Dataset records

*** Begin section ***

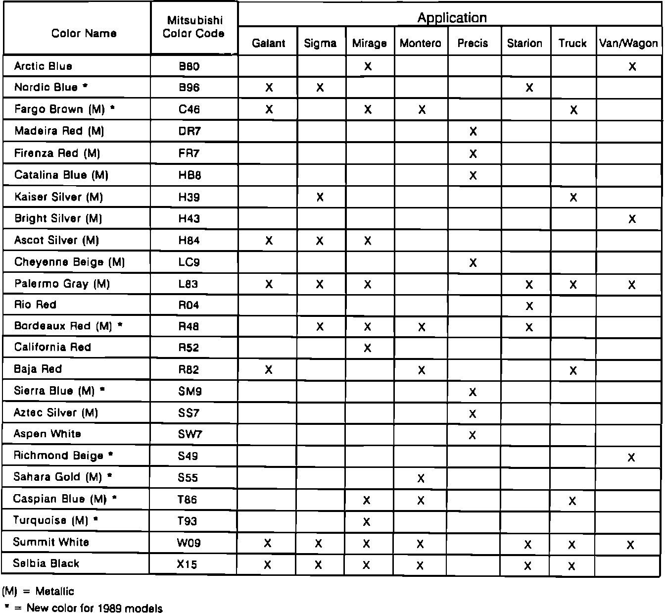 TABLE I: 1989 MITSUBISHI EXTERIOR COLOR CODES AND APPLICATIONS
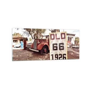 Obraz na szkle - Retro samochód i znak Route 66 w rustykalnym otoczeniu - 120x50cm - Legenda amerykanskiej prowincji - Nowoczesna dekoracja ścienna do salonu i sypialni ARTTOR
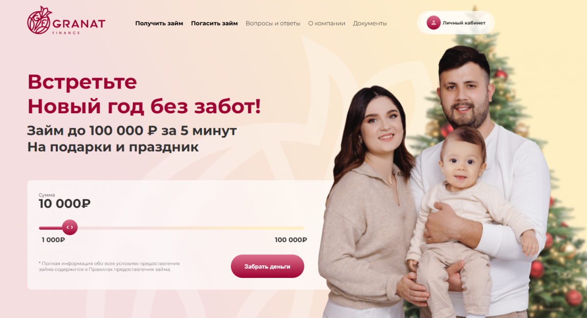 Компания Granat Finance предлагает микрозаймы на сумму от 1000 до 100 000 рублей с максимальным сроком кредитования до 365 дней. Процентная ставка для новых клиентов – 0%, для постоянных – до 0,8% в день или до 292,000% годовых. Доступно частичное или полное досрочное погашение задолженности без штрафов и пени.
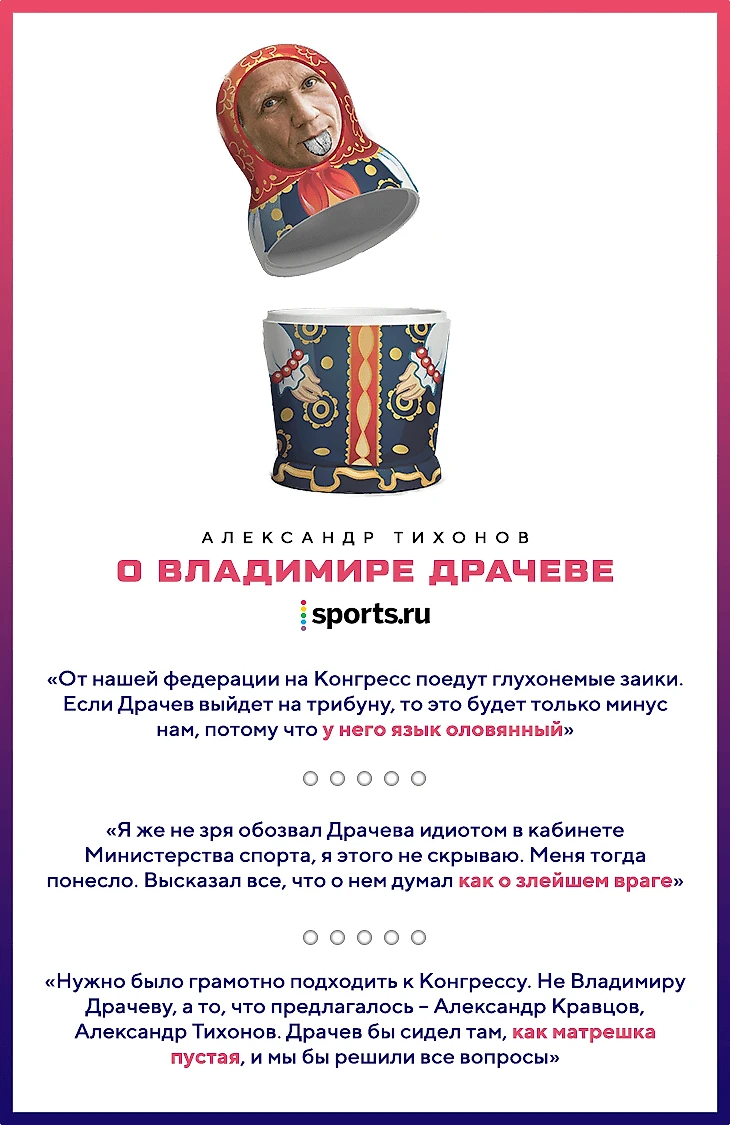 Мало кто вступал с Тихоновым в публичную перепалку, но накануне лопнуло терпение у заслуженных людей, среди которых – действующие руководители СБР. Виктор Майгуров, Сергей Тарасов и другие обратились к Тихонову с требованием быть сдержаннее.
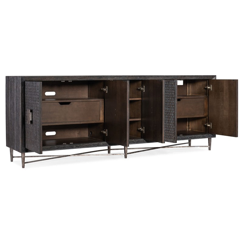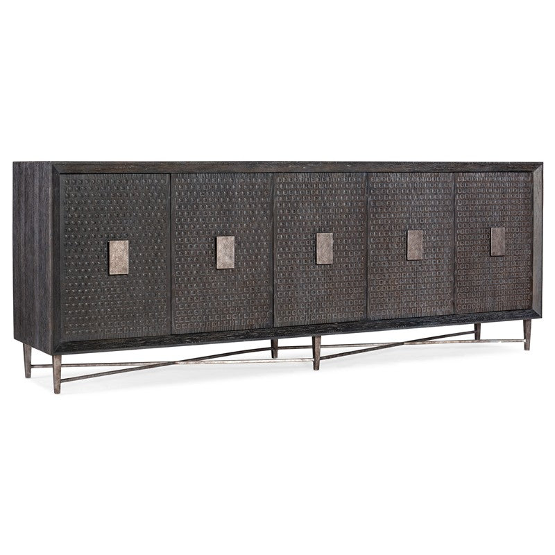 An unexpected eclectic blending of texture, form and function with an understated and timeless beauty, the Mélange Keenan Five-Door Credenza combines a weave-like tactile surface with a shaped silver metal base and distressed metal hardware in an oversized rectangle shape. There’s one drawer behind the pair of left doors, creating one shelf, and one drawer behind the pair of right doors, creating one shelf, and two adjustable shelves behind the center door. Crafted of Oak Veneers, resin and metal, there’s a ventilated back panel and wire management holes in the back panel.
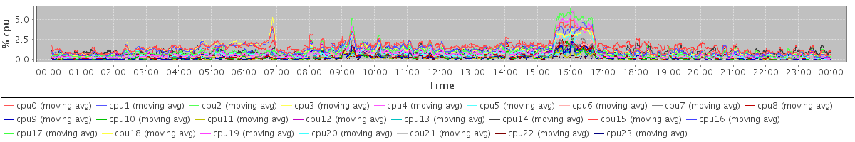 avg(cpu0) = 0.27 avg(cpu1) = 0.21 avg(cpu2) = 0.19 avg(cpu3) = 0.19 avg(cpu4) = 0.13 avg(cpu5) = 0.09 avg(cpu6) = 0.07 avg(cpu7) = 0.05 avg(cpu8) = 0.04 avg(cpu9) = 0.03 avg(cpu10) = 0.03 avg(cpu11) = 0.01 avg(cpu12) = 0.06 avg(cpu13) = 0.03 avg(cpu14) = 0.08 avg(cpu15) = 0.12 avg(cpu16) = 0.05 avg(cpu17) = 0.05 avg(cpu18) = 0.08 avg(cpu19) = 0.05 avg(cpu20) = 0.05 avg(cpu21) = 0.00 avg(cpu22) = 0.00 avg(cpu23) = 0.00

*** End section ***

Write out again exactly the lines from the start of the data above through the line containing "An unexpected eclectic", inclusive, excluding any pictures.

 TABLE I: 1989 MITSUBISHI EXTERIOR COLOR CODES AND APPLICATIONS
 Obraz na szkle - Retro samochód i znak Route 66 w rustykalnym otoczeniu - 120x50cm - Legenda amerykanskiej prowincji - Nowoczesna dekoracja ścienna do salonu i sypialni ARTTOR
 Компания Granat Finance предлагает микрозаймы на сумму от 1000 до 100 000 рублей с максимальным сроком кредитования до 365 дней. Процентная ставка для новых клиентов – 0%, для постоянных – до 0,8% в день или до 292,000% годовых. Доступно частичное или полное досрочное погашение задолженности без штрафов и пени.
 Мало кто вступал с Тихоновым в публичную перепалку, но накануне лопнуло терпение у заслуженных людей, среди которых – действующие руководители СБР. Виктор Майгуров, Сергей Тарасов и другие обратились к Тихонову с требованием быть сдержаннее.
 An unexpected eclectic blending of texture, form and function with an understated and timeless beauty, the Mélange Keenan Five-Door Credenza combines a weave-like tactile surface with a shaped silver metal base and distressed metal hardware in an oversized rectangle shape. There’s one drawer behind the pair of left doors, creating one shelf, and one drawer behind the pair of right doors, creating one shelf, and two adjustable shelves behind the center door. Crafted of Oak Veneers, resin and metal, there’s a ventilated back panel and wire management holes in the back panel.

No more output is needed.